• _What you are asked to do_
What you give back must match the data exactly, minus the pictures.

BEGIN Data provided

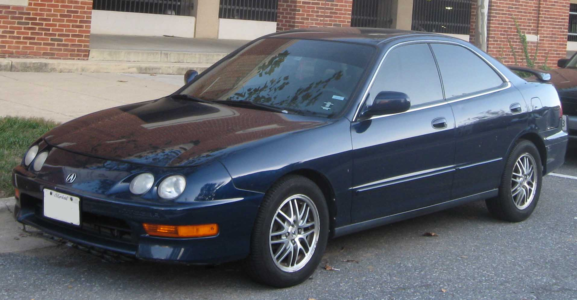 Acura Integra sedan photographed in College Park, Maryland, USA.
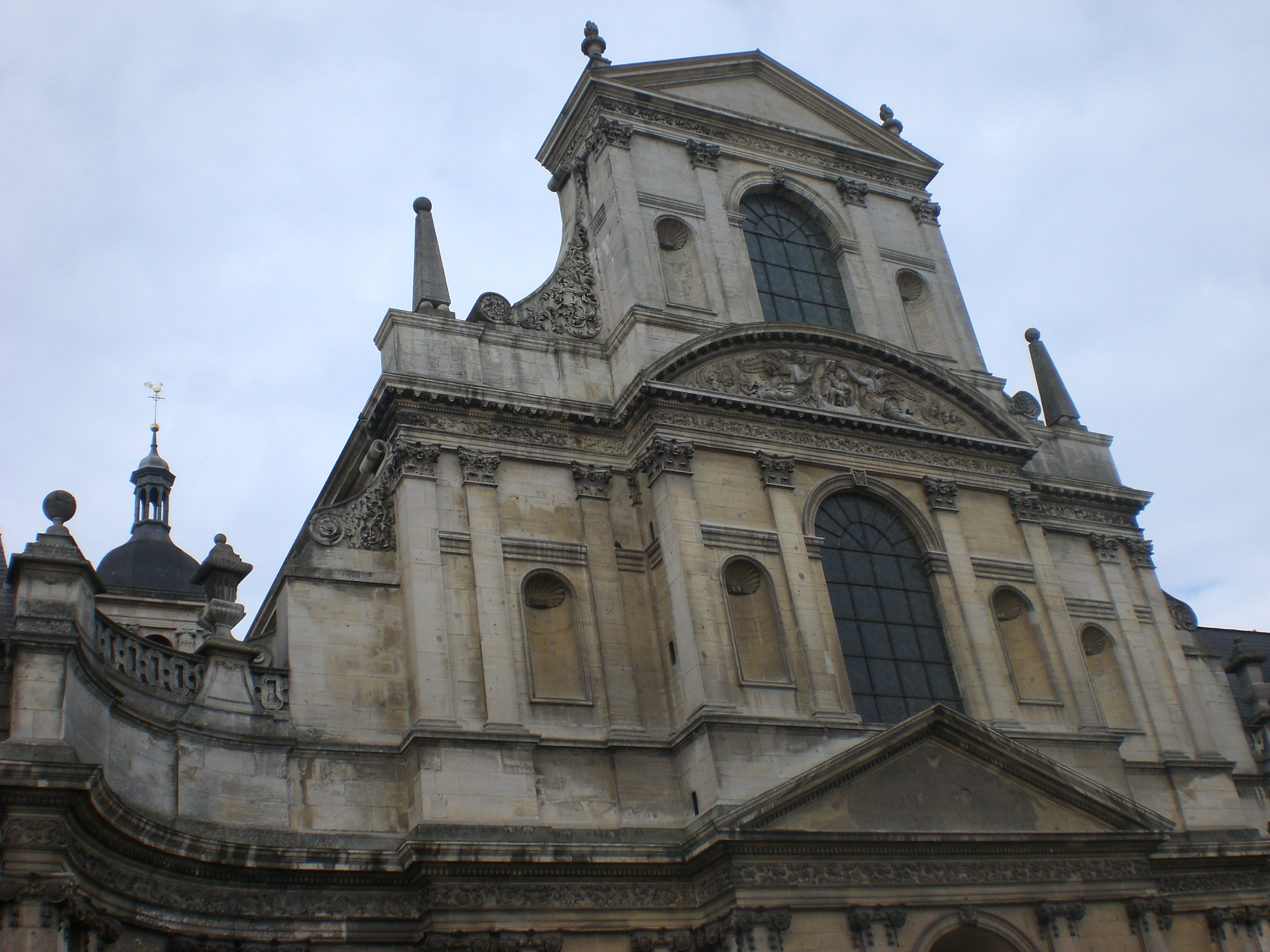 Pont-à-Mousson, Premonstratensian Abbey, XVIII Century
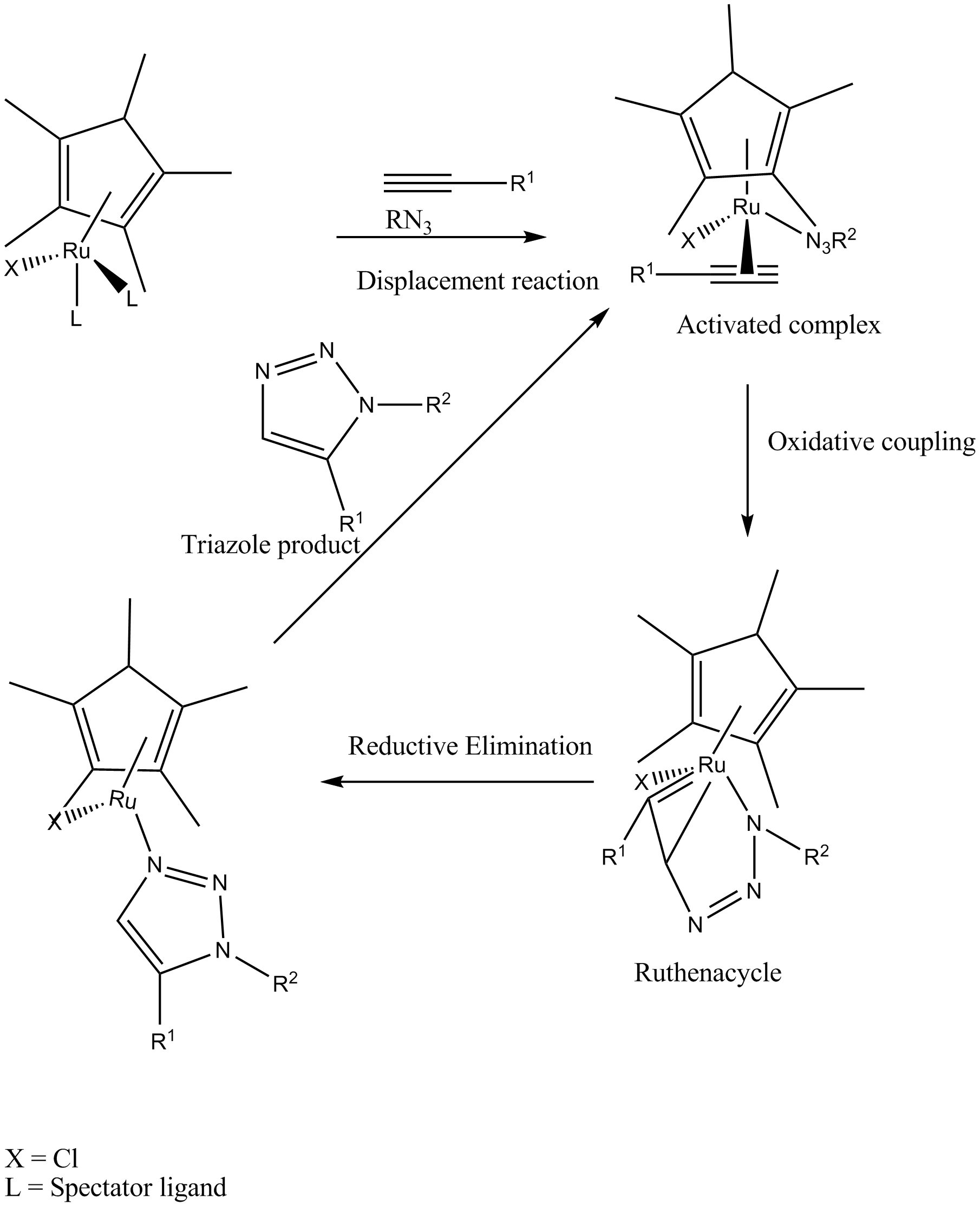 Ruthenium catalysed click chemistry

END Data provided

• _Response to the task_
 Acura Integra sedan photographed in College Park, Maryland, USA.
 Pont-à-Mousson, Premonstratensian Abbey, XVIII Century
 Ruthenium catalysed click chemistry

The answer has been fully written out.